Working with “Twentysomethings”

SpringHill summer staff in first aid training.

SpringHill summer staff in first aid training.

“One of the largest issues we face is working with ‘twentysomethings’. Their work ethic is poor, they expect everything to be given to them, and they won’t stay with a commitment. We just don’t know what to do. And now we’re even beginning to wonder about the future of the Church if this is who will be taking over in the years ahead.”

This was the perspective expressed by a leader of a large Christian ministry at a round table discussion of Christian ministry CEO’s I participated in a couple of years ago. And after making his statement most of the other 20 leaders in the room all shook their heads in full agreement with many joining in with their own “horror stories” about working with those” darn twentysomethings”.

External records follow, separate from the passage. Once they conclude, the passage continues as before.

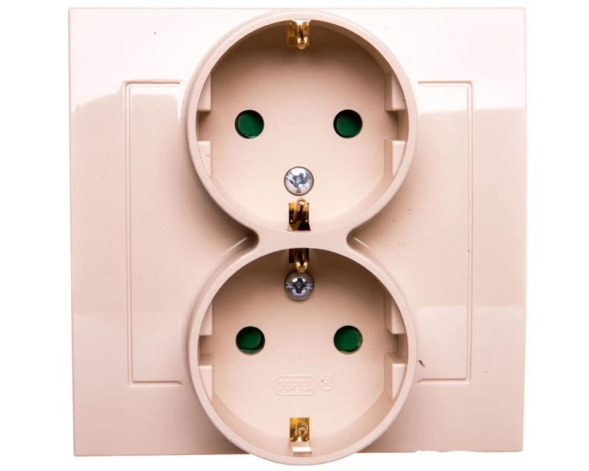 2. KIER Gniazdo podwójne b/u Schuko z przesłonami beżowe GP-2WSP/01 38.23
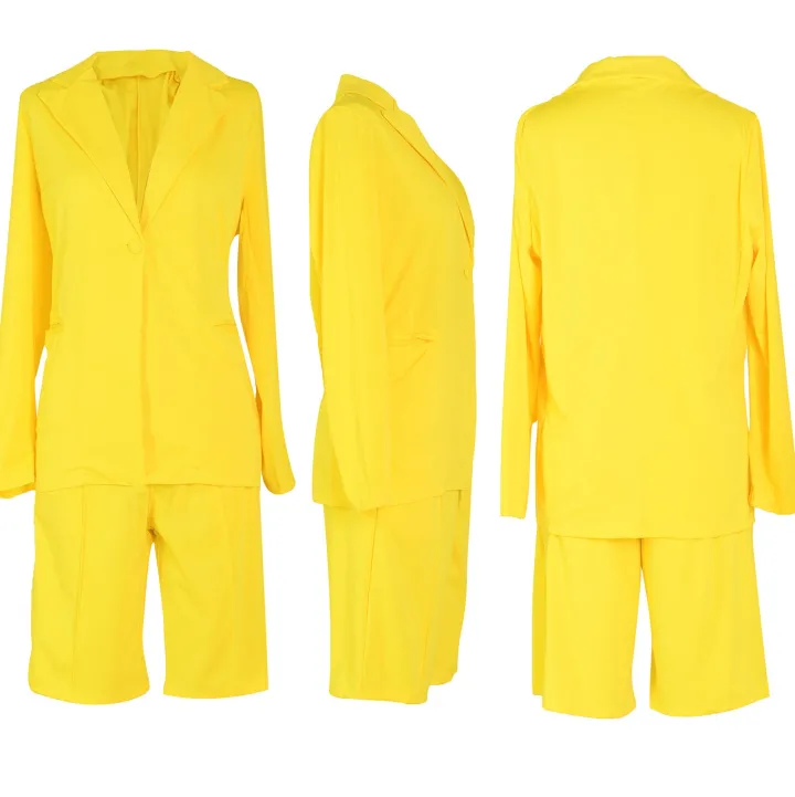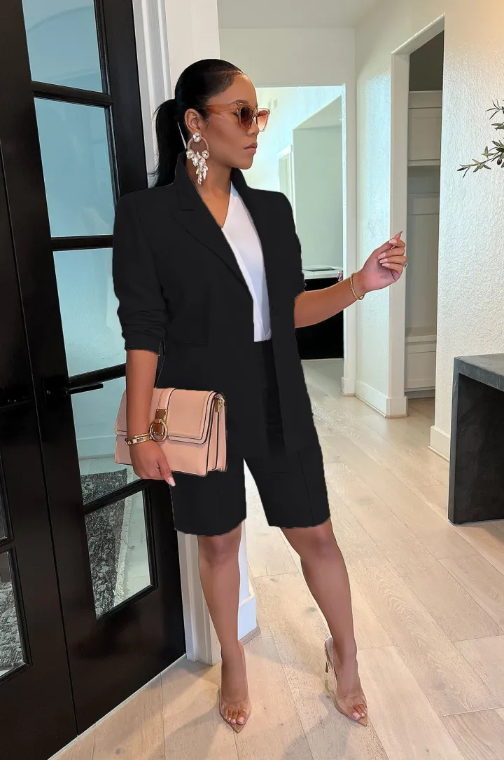 Two Piece Long Sleeve Blazer Shorts Pant Set
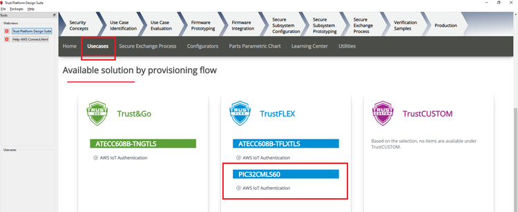the PIC32CMLS60_AWSIoTAuth-TFLEX from the Usecases.
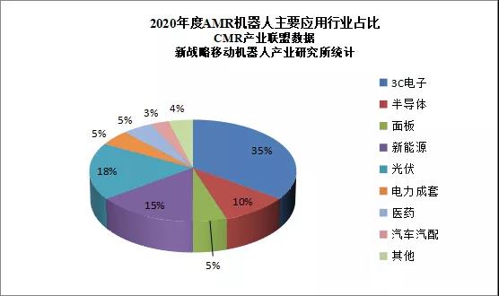 2020年AMR機(jī)器人應(yīng)用主要集中在3C電子、半導(dǎo)體、面板、新能源及光伏、電力成套及醫(yī)藥行業(yè)等制造領(lǐng)域,其中3C電子行業(yè)應(yīng)用規(guī)模最大,占比40%。值得注意的是,2020年AMR機(jī)器人在傳統(tǒng)的汽車市場(chǎng)也有滲透,但占比不大。主要原因在于新興制造業(yè)對(duì)生產(chǎn)線的柔性化要求程度更高,因此AMR在這些領(lǐng)域更受青睞。不過(guò)伴隨著AMR技術(shù)的進(jìn)一步成熟以及制造業(yè)產(chǎn)業(yè)升級(jí)的加速,未來(lái)AMR機(jī)器人將逐漸向更廣闊的市場(chǎng)延伸。
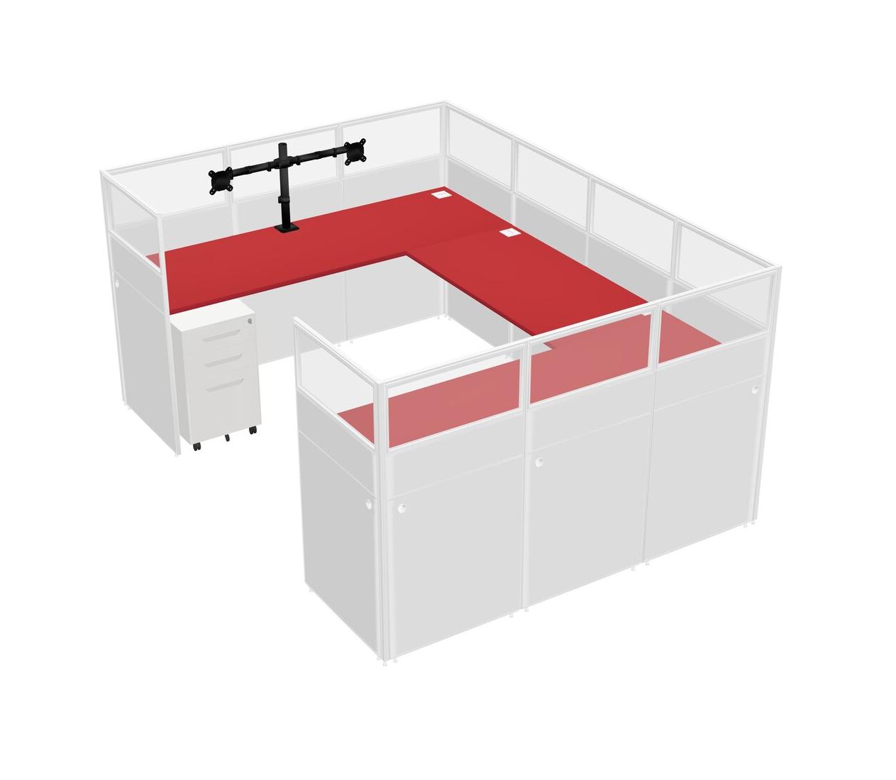 Système De Panneau En U Prism Red Pour 1 Personne + Bras D'écran (bras Doubles) + Tiroirs Mobiles En Métal Pour 1 Utilisateur(s)
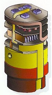高爆弹(High Explosive)武器模块,简称HE。是半自动的榴弹发射器,20mm口径,该发射器是以HK公司12号口径的CAWS为原型改进,采用身管长后座式自动原理。弹性枪口制退器由特殊的泡沫塑料制成,制退器外面有个线圈,用于给榴弹编制程序。
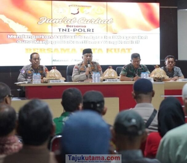 Makassar.Tajuk Utama — Pemerintah Kecamatan Biringkanaya memfasilitasi pelaksanaan kegiatan Jumat Curhat yang digelar oleh Polda Sulawesi Selatan (Sulsel). Kegiatan yang berlangsung di wilayah Kelurahan Maradekaya Utara ini menjadi ajang silaturahmi sekaligus sarana dialog antara aparat kepolisian dan masyarakat.Jumat 7/11/2025
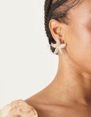 Pendientes de botón dorados con diseño de estrella de mar con abalorios de ASOS DESIGN
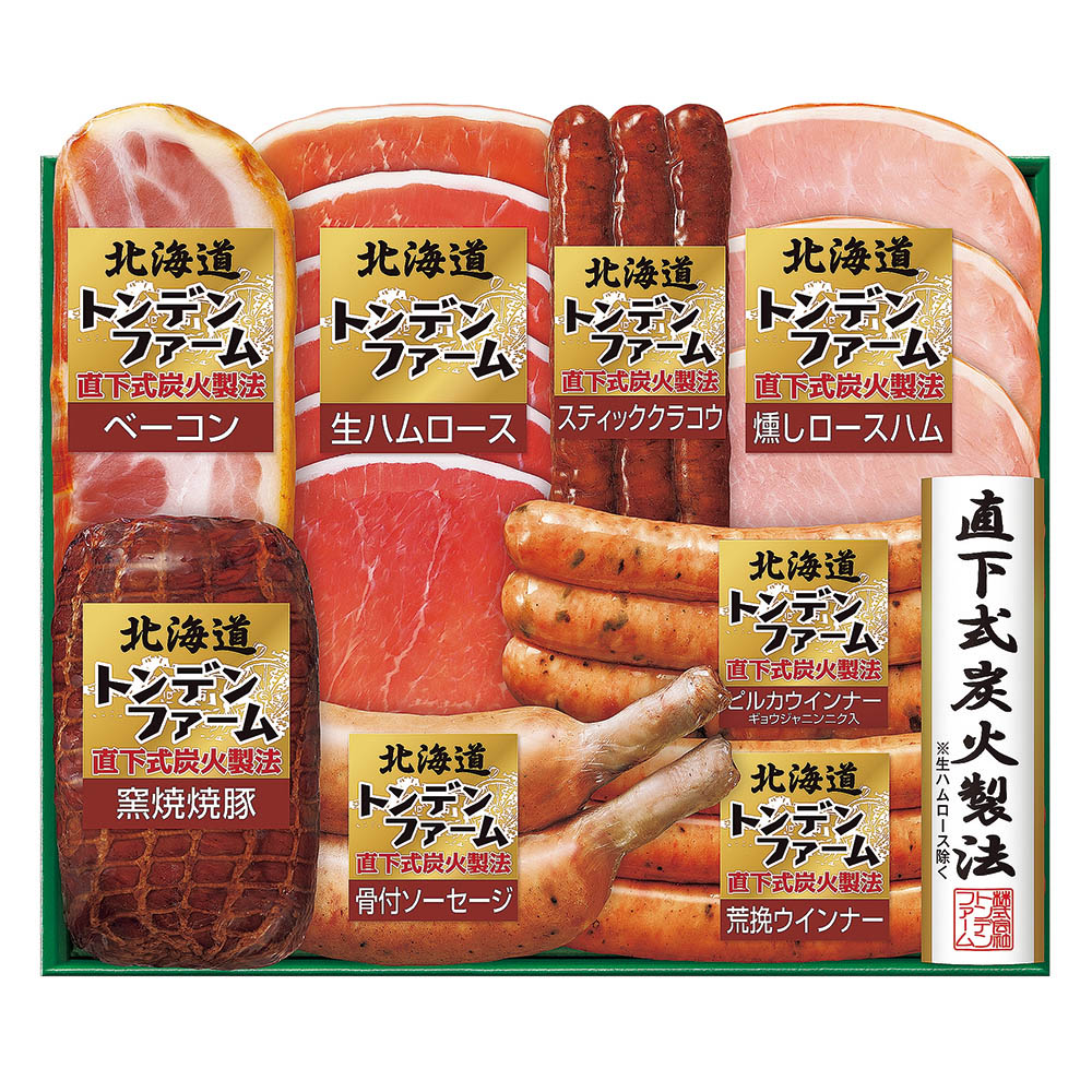 窯焼焼豚 200g、荒挽ウインナー・ピルカウインナー 各90g、骨付ソーセージ 120g、スティッククラコウ(ソフトサラミソーセージ) 80g、ベーコン 50g、燻しロースハム(スライス) 60g、生ハムロース(スライス) 40g
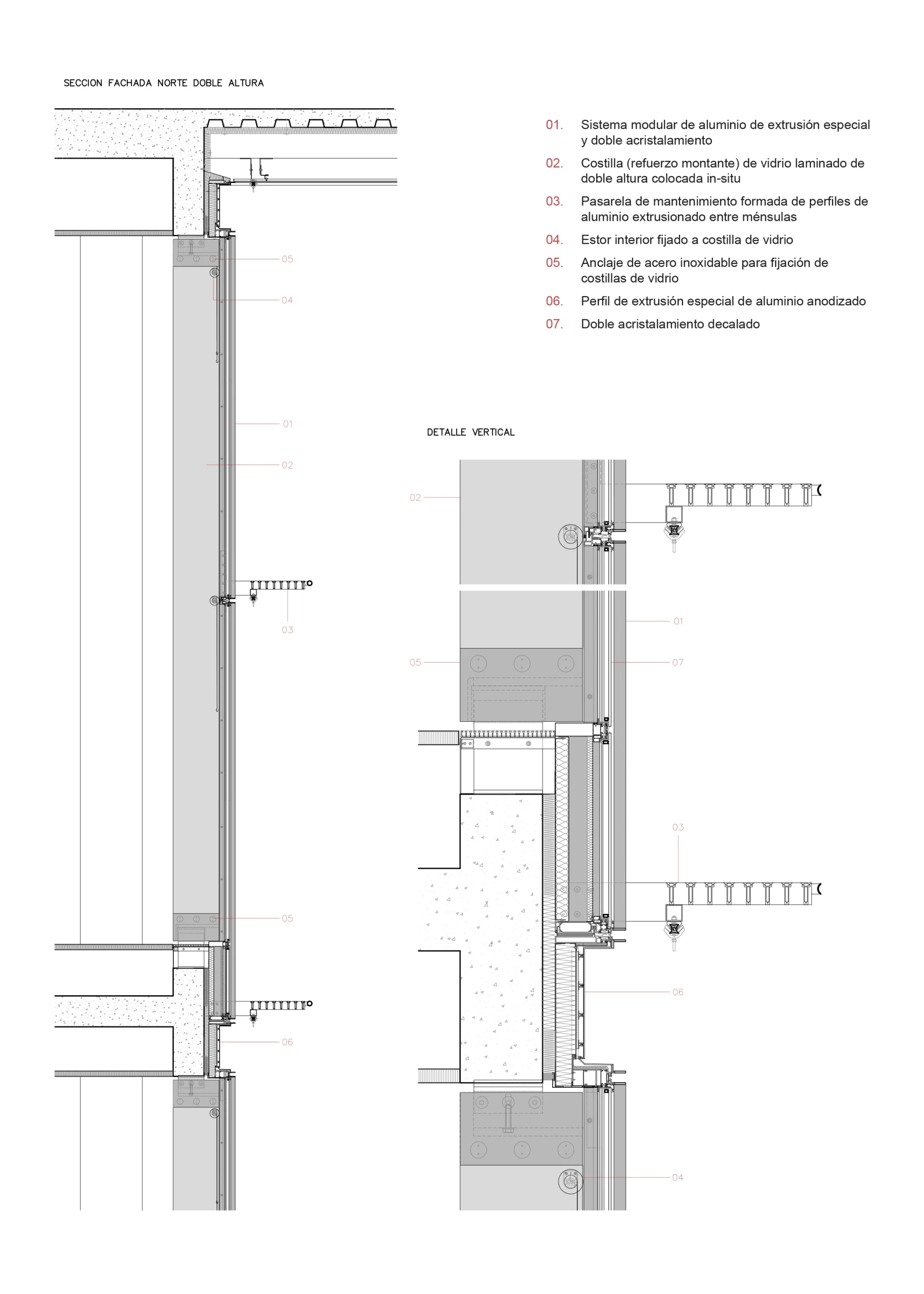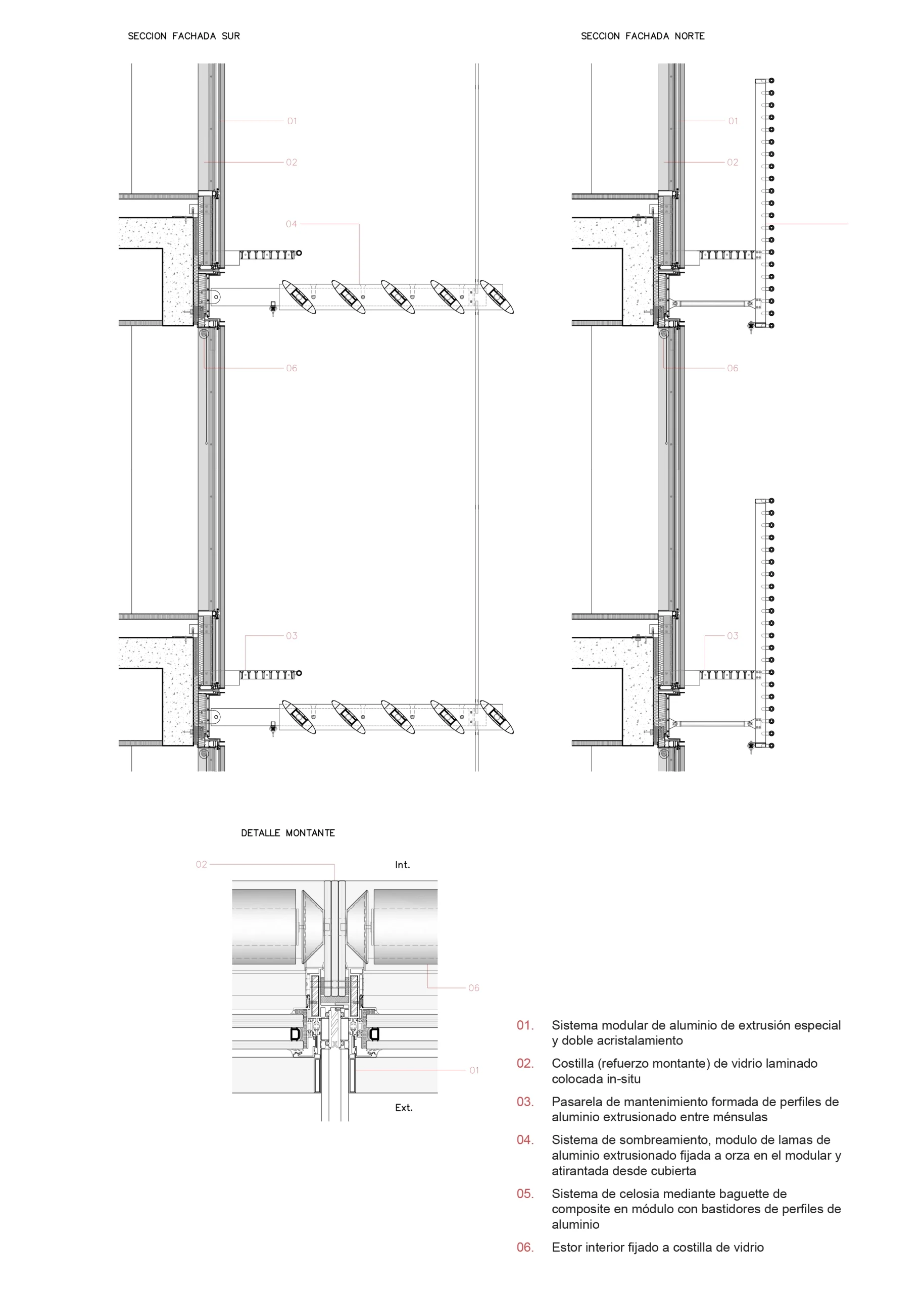En fachada Norte la envolvente se convierte en una fachada doble piel al disponer una celosía exterior configurada mediante módulos de baguettes (sección circular) horizontales de pultrusión de poliéster y fibra de vidrio.

Ironically, there was one other Christian camp CEO in the group and when we heard this statement and the following discussion we just looked at each other with our eyebrows raised. You see, Christian camp ministry’s built on the good and faithful work of those “darn twentysomethings”. We couldn’t do what we’re called to do, nor do it nearly half as well (nor nearly as fun) without them.

This whole dialogue came rushing back to me earlier this summer as I interact with our nearly 1000 “twentysomethings” staff we hired to help us create SpringHill Experiences this summer.

Instead what I see in our summer staff is the total opposite what these Christian leaders expressed in that forum. As I shared with that group of leaders we, at SpringHill, serve alongside young adults who are highly committed, deeply concerned about others and the world, and who are willing to make great sacrifices to advance Christ’s Kingdom.

Then I said to these CEO’s – “maybe, instead of looking at the faults of twentysomethings, we should first examine our own leadership and the culture of our organizations to see if we have our own adjustments to make before we write off an entire generation of leaders, because in my experience poor followers are usually the result of poor leadership.”